"Rin!" Chelsea squealed when she eventually made it up the stairs and into the creepy witch's hut. The girl pounced on her in a cuddle, and nearly knocked her over in the process.
She patted the young witch on the head, and turned to see Violet angrily tapping her foot. "Uh... Chelsea, I think someone wants to have a talk with you. So... Which way is the bathroom? And please don't say a bush outside."
"Oh, down the hall. Second door on the left." The girl said, and then saw Violet's face. "I am so dead."
Rin half-ran from the awkward conversation to come, before losing the rest of what her upset stomach had managed to hold in after arrival. She was feeling extremely glad she hadn't eaten breakfast yet.

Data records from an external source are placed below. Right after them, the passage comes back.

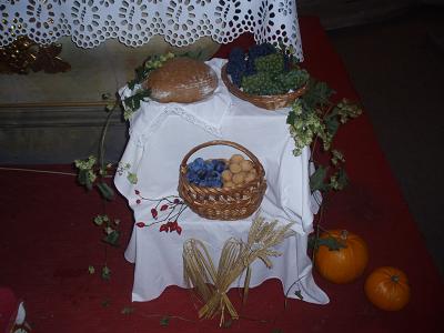 V neděli dopoledne byla mše svatá, při které se děkovalo za úrodu a také zazpívalo Pěvecké sdružení Vítězslav Novák ze Znojma.
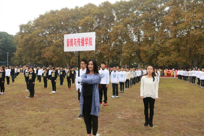 在由各个院系组成的方阵依次走过主席台后,身着白色上衣在奥场的草地上进行广播操表演赛的新闻院学生形成了一道亮丽的风景线。
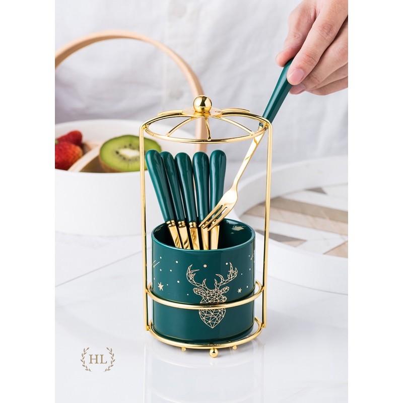Gồm ống đựng muỗng nĩa bằng sứ có khung bao bên ngoài, 6 nĩa inox 304 có tay cầm bằng sứ màu xanh ngọc lưu ly cực kỳ sang trọng.
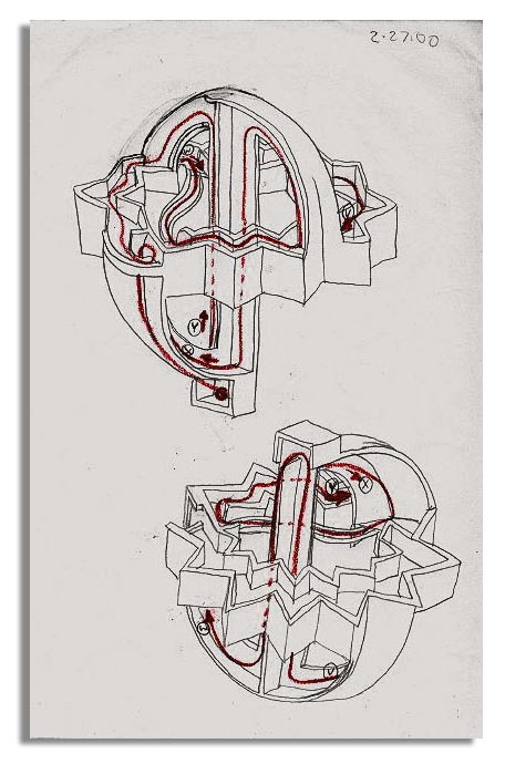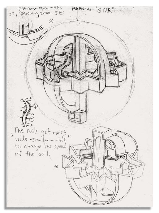 Way back in October of 1999 after I finished sketching the original “PERPLEXUS”, I began to work on a new spherical model, which I initially called “Doozie”, then “Star Track", and then finally, “PERPLEXUS STAR”. So in February, I used this as a starting point for a discussion about a second model. This version did not get past the drawing stage.
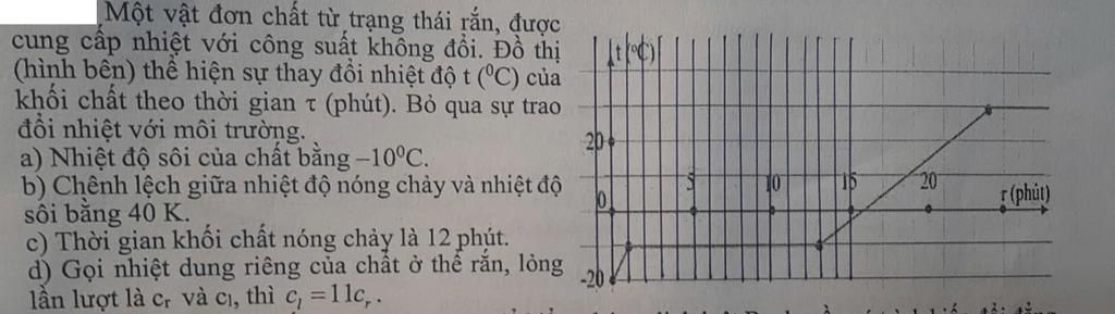 Nhiệt độ nóng chảy của chất bằng `-10^oC`.
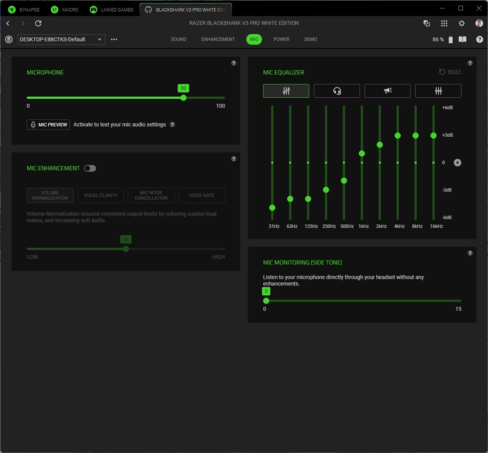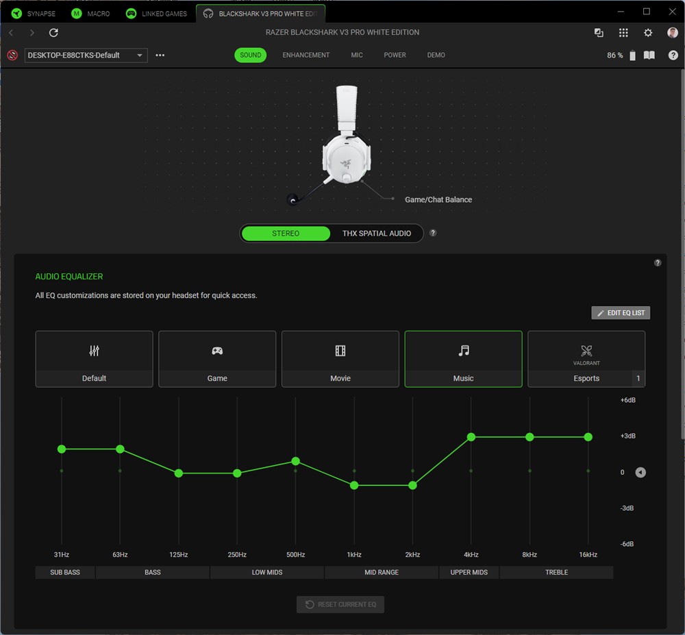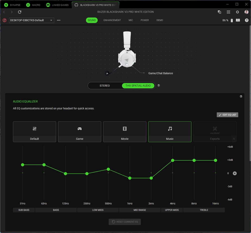 Asta contează cel mai tare în gaming, așa că Razer BlackShark V3 Pro conving fix acolo unde era nevoie să o facă. Doar că asta nu este totul. Sunt mai multe preseturi gata realizate și memorate direct în căști, iar diferența dintre ele este uriașă. De la o abordare plată, naturală pe Default, la o extindere a dimensiunilor pe Game, la un sunet mai cald pe Movie și până la o dinamică mai largă pe Music și o scoatere clară în evidență a vocilor pe E-Sports, diferențele sunt sesizabile. Nu cred că am mai întâlnit așa o deosebire între aceste preseturi gata prezente pe căști încă din fabrică. Mai sunt câteva în aplicație Synapse de PC, dar ai și egalizator cu 10 benzi din care poți face toate ajustările preferate. Cert este că Razer BlackShark V3 Pro permit o exprimare largă a preferințelor tale, au de unde să le acopere pe toate.

She was also really weirded out by how Chelsea really did seem to be living in a creepy shack in the middle of a creepy forest filled with fog. Yet somehow had the same porcelain toilet that Rin expected to find at a residential.
"You know you can't leave! Are you trying to get everyone killed? Is that what you're doing, Chel? Bring on the apocalypse, then! Get it over with!"
She cringed and put her hands over her ears as she heard the raised voices.
"What the fuck do you mean you went out with Kina last night, as well!?"
She understood that Chelsea had made a big mistake in leaving her home, and coming to Rin. Yet, she wasn't exactly holding it against the young girl.
"I don't care if Ardet-lili was there! Not even I can keep you safe, Chelsea McGibbon!"
If it weren't for Chelsea...
"Rin, you can come out now."
She unclenched and walked out slowly and saw an exhausted looking Violet. She smiled sadly at the woman, "You're just like her mum. Suppose you can stop calling yourself my wife-mother, because there's a limit to the weird. Don't need a sister."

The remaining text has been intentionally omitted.